All capitalized terms used herein and not otherwise defined in this Promissory Note (this “Note”), shall have the meaning ascribed to them in the Share Purchase Agreement, dated as of the date hereof (the “Purchase Agreement”), among the Purchaser, E-World USA Holding, Inc., Xie (in such capacity as a Vendor), Jian Long (“Long”), Hong Shu Zhu (“Zhu”), 2434689 Ontario Inc. (“XieCo”), 2434691 Ontario Inc. (“LongCo”), 2434694 Ontario Inc. (“ZhuCo” and together with Xie, Long, Zhu, XieCo and LongCo, are collectively referred to as the “Vendors”), Prime Nutrisource Inc. (“Prime”), Nugale Pharmaceutical, Inc. (“Nugale”) and Prime Nutrisource Inc. (New Jersey) (“Prime NJ” and, collectively with Prime and Nugale, the “Corporations”).

 

The principal amount remaining from time to time unpaid and outstanding shall not bear interest.

 

The Purchaser has the right and privilege of prepaying the whole or any portion of the principal amount of this Note at any time or times prior to the occurrence of an Event of Default (as hereinafter defined) without notice, premium, bonus or penalty.

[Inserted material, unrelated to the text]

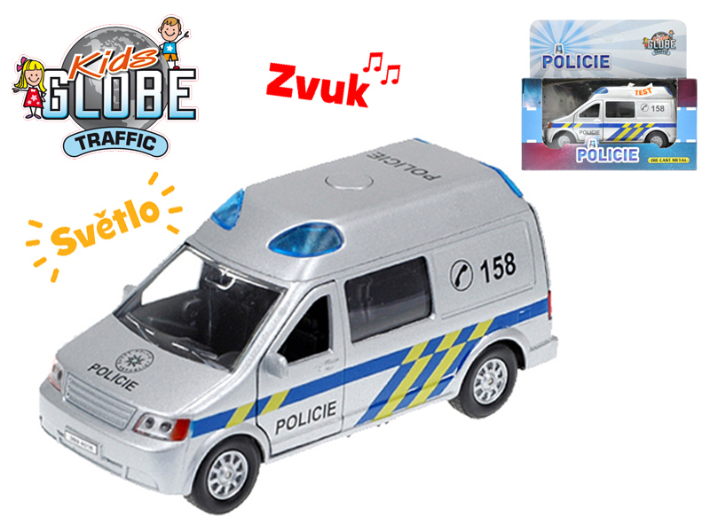 Auto policie CZ 13cm kov zpětný chod na baterie se světlem a zvukem v krabičce

All such prepayments shall be applied to the outstanding principal amount of this Note.

 

This Note is secured by a securities pledge agreement executed by the Purchaser and Agent on the date hereof and a general security agreement executed by the Purchaser and the Agent on the date hereof.

 

The recording by the Agent in its accounts of principal amounts owing and repayments is, in the absence of manifest mathematical error, prima facie evidence of such advances and payments; provided that the failure of the Agent to record the same shall not affect the obligation of the Purchaser to pay such amounts to the Agent.

 

The Purchaser shall immediately notify (in any event, by no later than one (1) Business Days of the occurrence of an Event of Default(as hereinafter defined)) the Agent of any Event of Default or pending Event of Default and the action, if any, it has taken or proposes to take with respect to such Event of Default.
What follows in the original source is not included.